=== TASK REQUIREMENTS ===
Copy out exactly the lines spanning the line with "Großformatige Beförderungsurkunde eines" to the line with "BLACK SABBATH Never", inclusive, from the data underneath, with no pictures.

=== DATASET RECORDS ===
"""

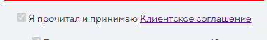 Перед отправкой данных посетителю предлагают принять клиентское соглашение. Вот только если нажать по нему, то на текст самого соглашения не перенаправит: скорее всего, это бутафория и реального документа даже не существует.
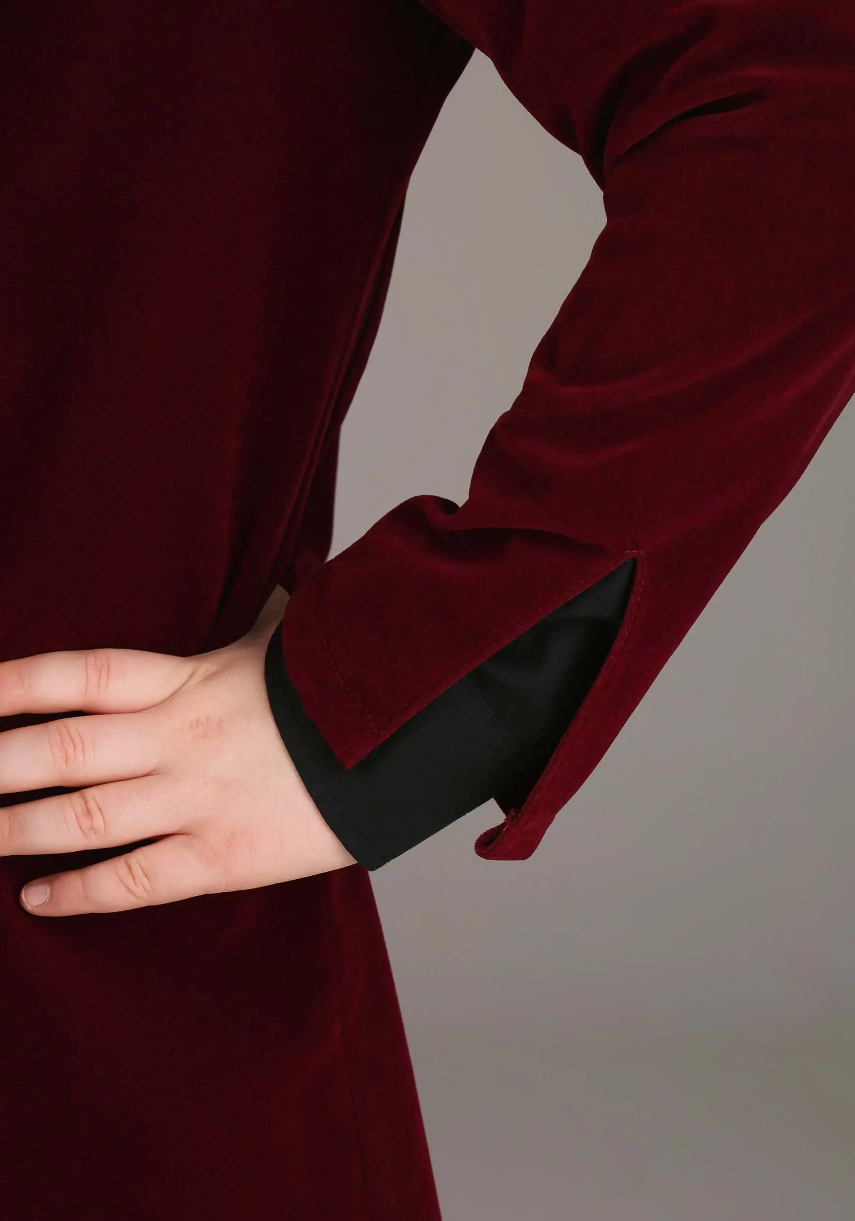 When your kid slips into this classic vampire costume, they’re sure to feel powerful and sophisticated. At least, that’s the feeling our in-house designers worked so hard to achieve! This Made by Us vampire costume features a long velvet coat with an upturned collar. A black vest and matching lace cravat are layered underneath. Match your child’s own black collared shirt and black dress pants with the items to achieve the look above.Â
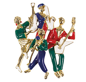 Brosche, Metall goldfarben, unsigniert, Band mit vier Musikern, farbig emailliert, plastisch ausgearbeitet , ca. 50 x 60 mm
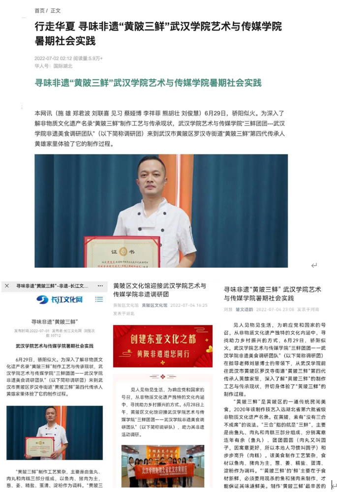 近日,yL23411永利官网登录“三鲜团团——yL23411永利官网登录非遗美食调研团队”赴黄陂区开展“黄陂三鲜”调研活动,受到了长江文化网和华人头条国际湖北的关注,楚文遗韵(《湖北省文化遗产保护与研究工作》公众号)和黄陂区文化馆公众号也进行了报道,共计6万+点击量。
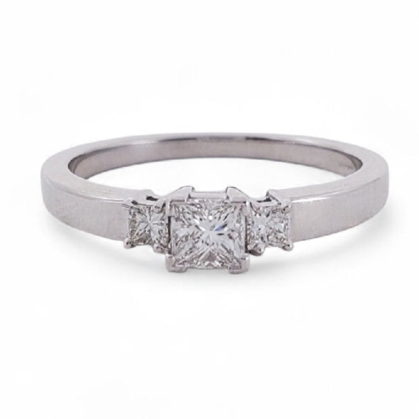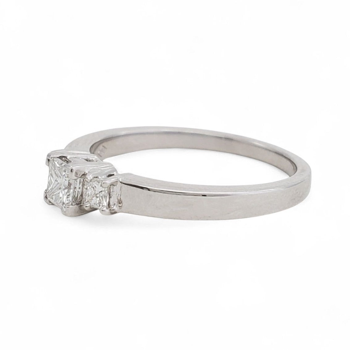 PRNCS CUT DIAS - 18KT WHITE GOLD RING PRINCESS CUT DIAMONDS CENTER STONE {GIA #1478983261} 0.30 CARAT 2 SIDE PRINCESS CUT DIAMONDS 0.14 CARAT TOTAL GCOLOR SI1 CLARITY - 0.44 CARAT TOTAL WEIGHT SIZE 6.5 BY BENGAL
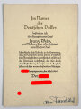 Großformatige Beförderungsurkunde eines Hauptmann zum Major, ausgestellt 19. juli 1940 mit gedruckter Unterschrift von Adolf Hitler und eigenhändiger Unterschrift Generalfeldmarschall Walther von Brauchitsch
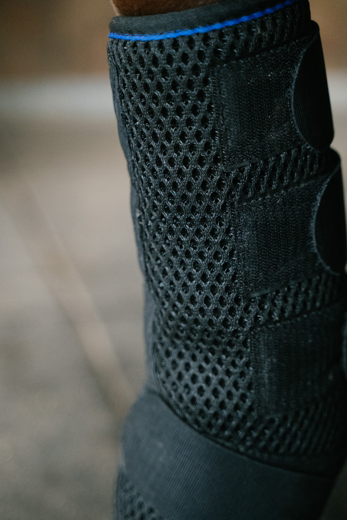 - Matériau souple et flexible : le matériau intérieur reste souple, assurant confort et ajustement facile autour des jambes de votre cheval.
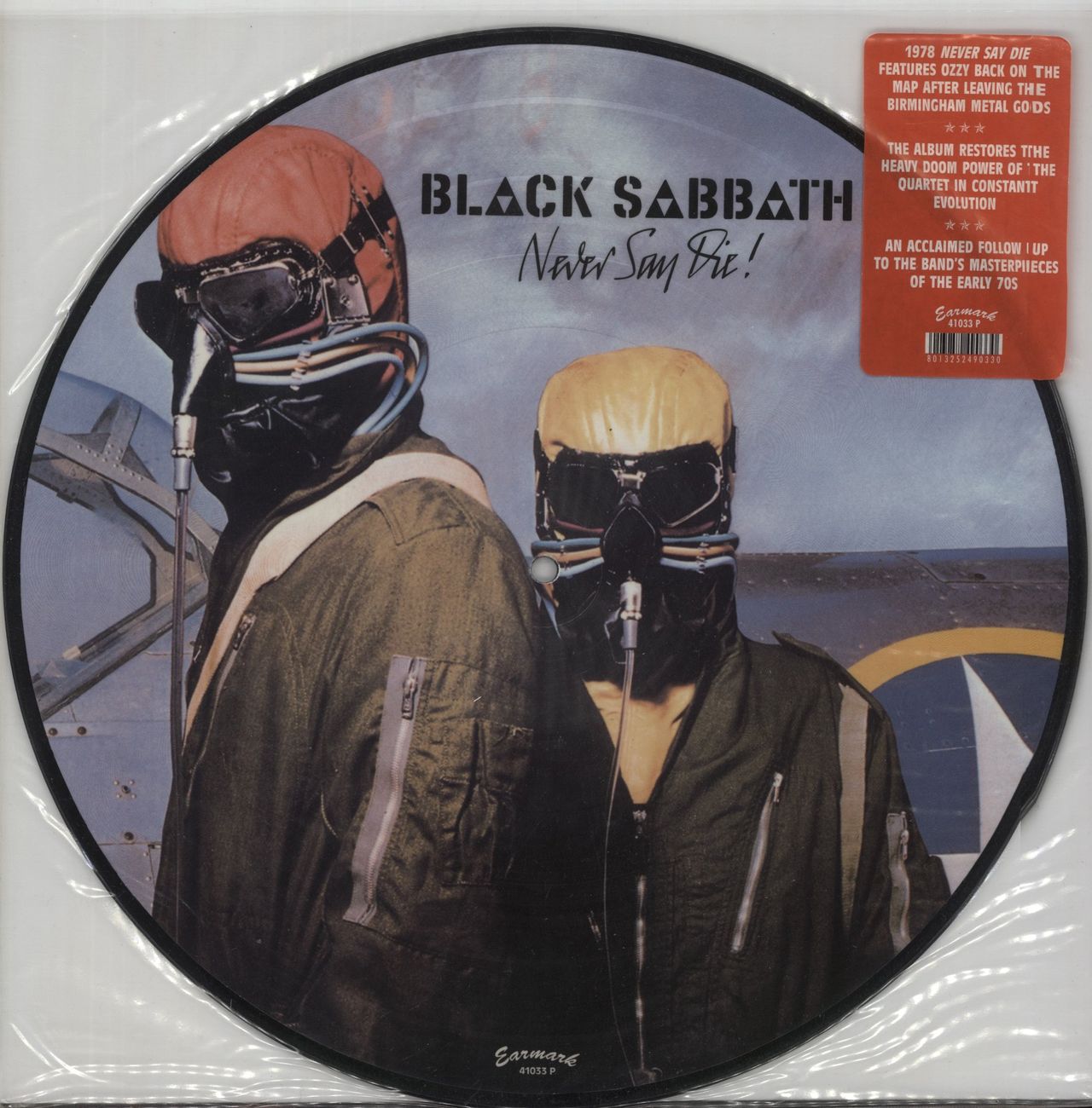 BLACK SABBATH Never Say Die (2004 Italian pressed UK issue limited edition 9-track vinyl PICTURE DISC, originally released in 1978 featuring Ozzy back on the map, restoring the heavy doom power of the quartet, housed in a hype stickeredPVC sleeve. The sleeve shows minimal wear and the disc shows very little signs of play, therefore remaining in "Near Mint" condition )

"""
"""

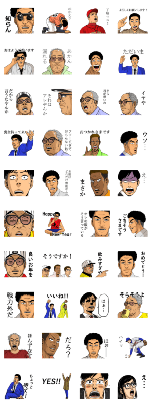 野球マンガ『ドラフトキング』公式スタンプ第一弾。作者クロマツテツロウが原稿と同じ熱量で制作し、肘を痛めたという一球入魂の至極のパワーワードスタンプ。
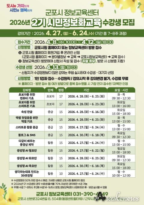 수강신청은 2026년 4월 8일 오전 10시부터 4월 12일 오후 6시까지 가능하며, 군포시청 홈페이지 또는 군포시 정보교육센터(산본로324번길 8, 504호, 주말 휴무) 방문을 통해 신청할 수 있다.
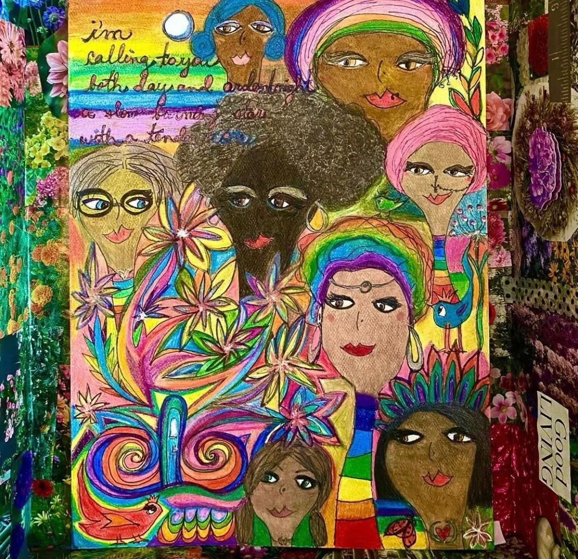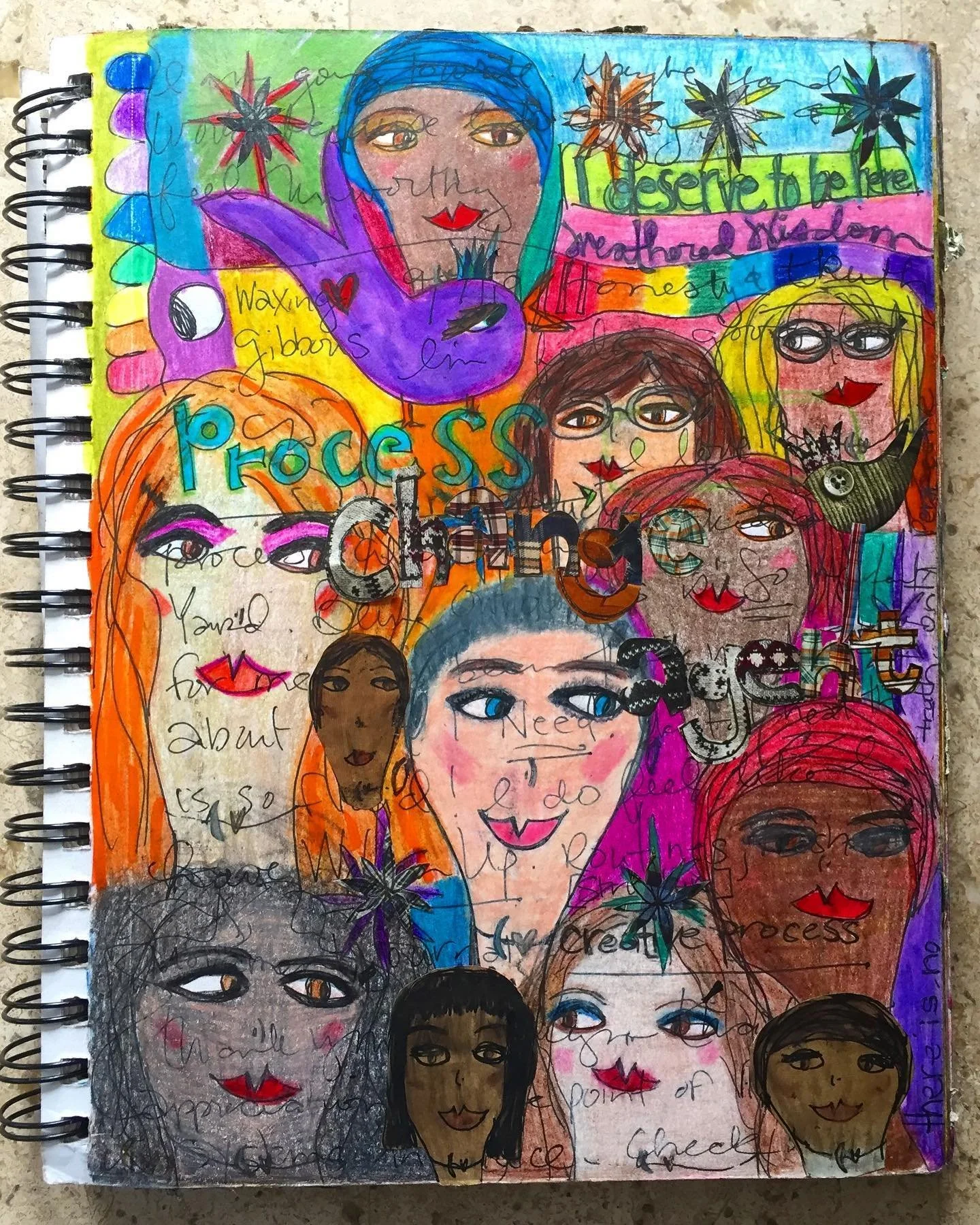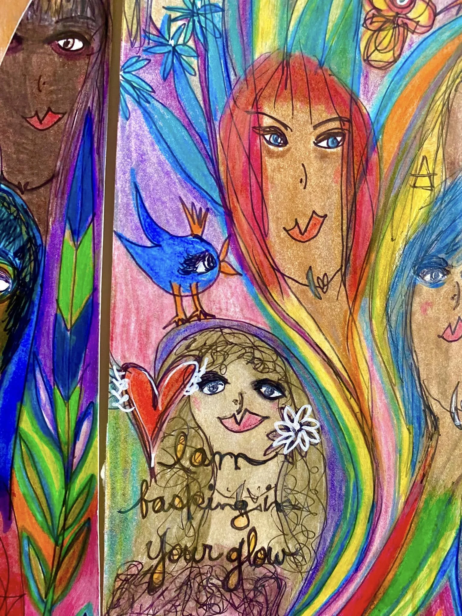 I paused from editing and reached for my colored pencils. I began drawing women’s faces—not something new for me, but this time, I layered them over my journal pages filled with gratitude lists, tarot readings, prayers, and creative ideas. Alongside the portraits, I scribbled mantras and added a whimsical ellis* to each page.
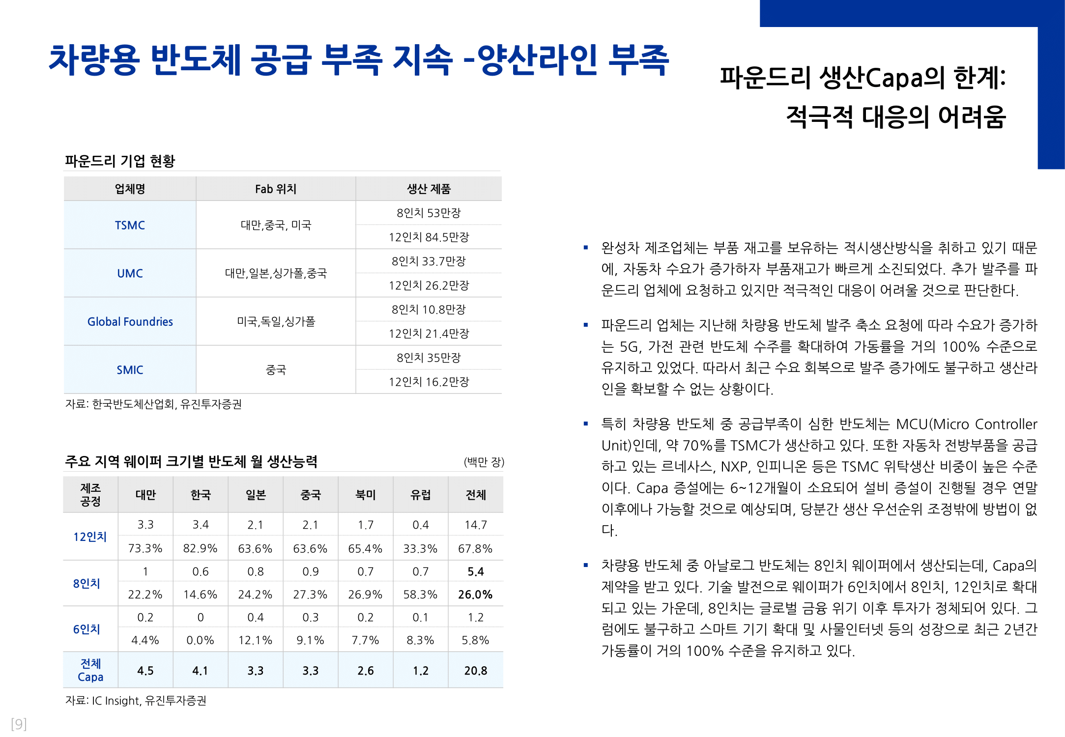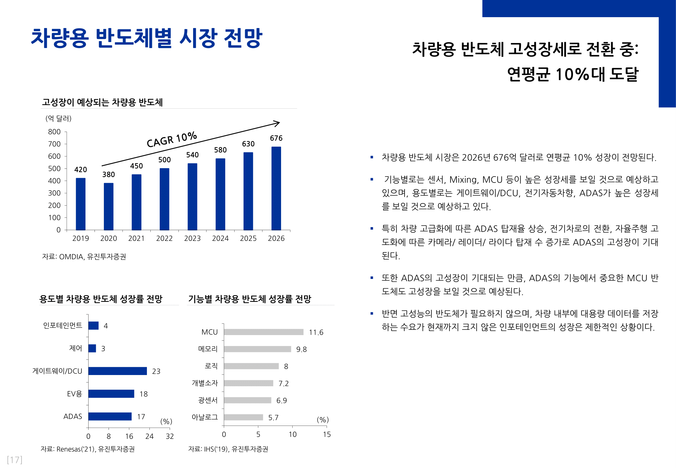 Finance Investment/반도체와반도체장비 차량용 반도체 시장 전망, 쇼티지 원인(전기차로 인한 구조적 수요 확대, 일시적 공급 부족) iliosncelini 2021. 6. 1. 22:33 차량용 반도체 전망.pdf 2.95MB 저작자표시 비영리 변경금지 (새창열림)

"""
"""

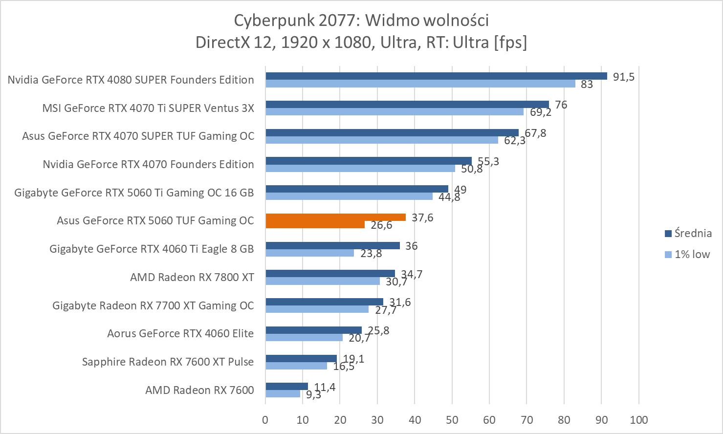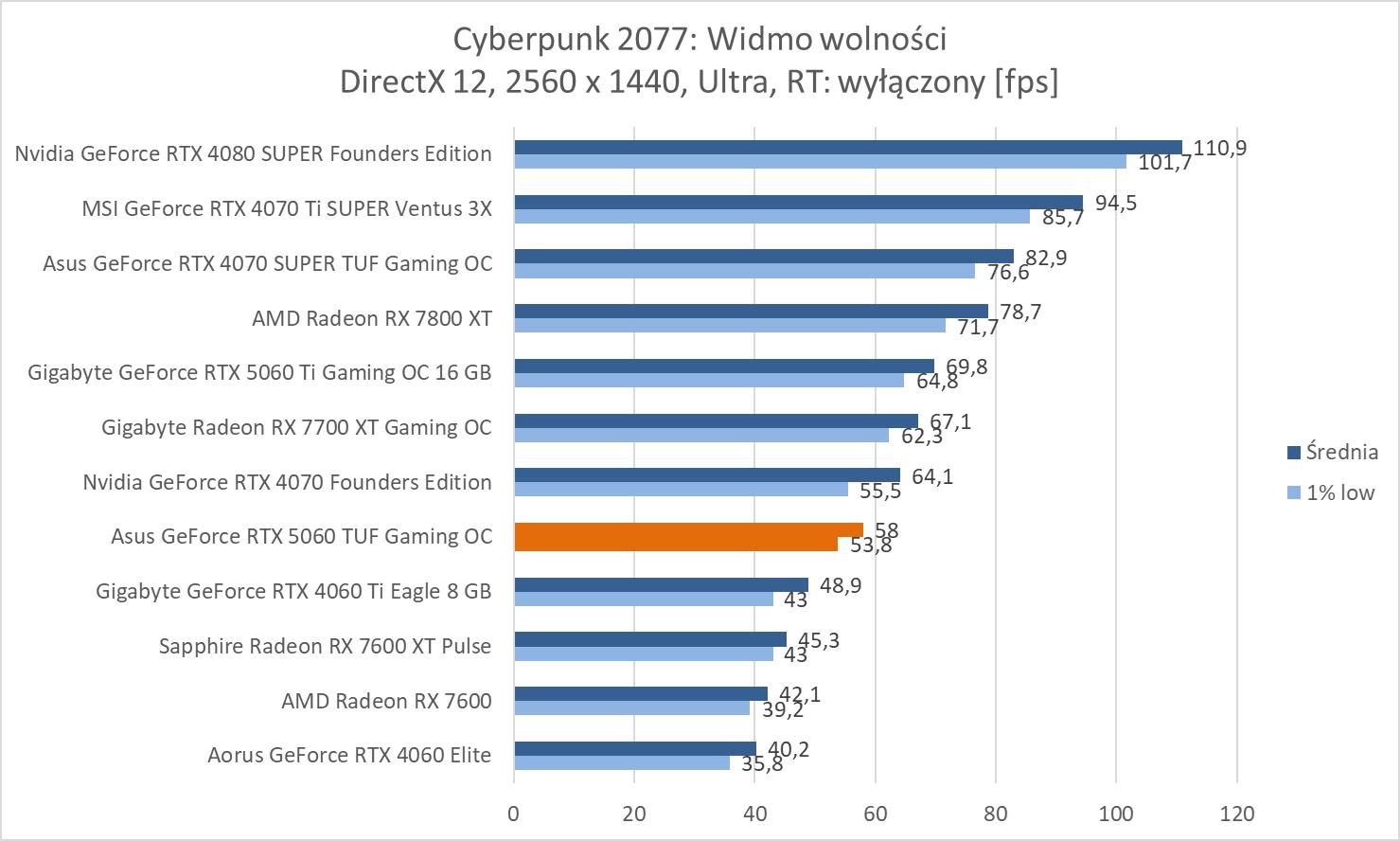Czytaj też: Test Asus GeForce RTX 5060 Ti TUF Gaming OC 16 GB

"""

=== RESPONSE TO THE EXERCISE ===
 Großformatige Beförderungsurkunde eines Hauptmann zum Major, ausgestellt 19. juli 1940 mit gedruckter Unterschrift von Adolf Hitler und eigenhändiger Unterschrift Generalfeldmarschall Walther von Brauchitsch
 - Matériau souple et flexible : le matériau intérieur reste souple, assurant confort et ajustement facile autour des jambes de votre cheval.
 BLACK SABBATH Never Say Die (2004 Italian pressed UK issue limited edition 9-track vinyl PICTURE DISC, originally released in 1978 featuring Ozzy back on the map, restoring the heavy doom power of the quartet, housed in a hype stickeredPVC sleeve. The sleeve shows minimal wear and the disc shows very little signs of play, therefore remaining in "Near Mint" condition )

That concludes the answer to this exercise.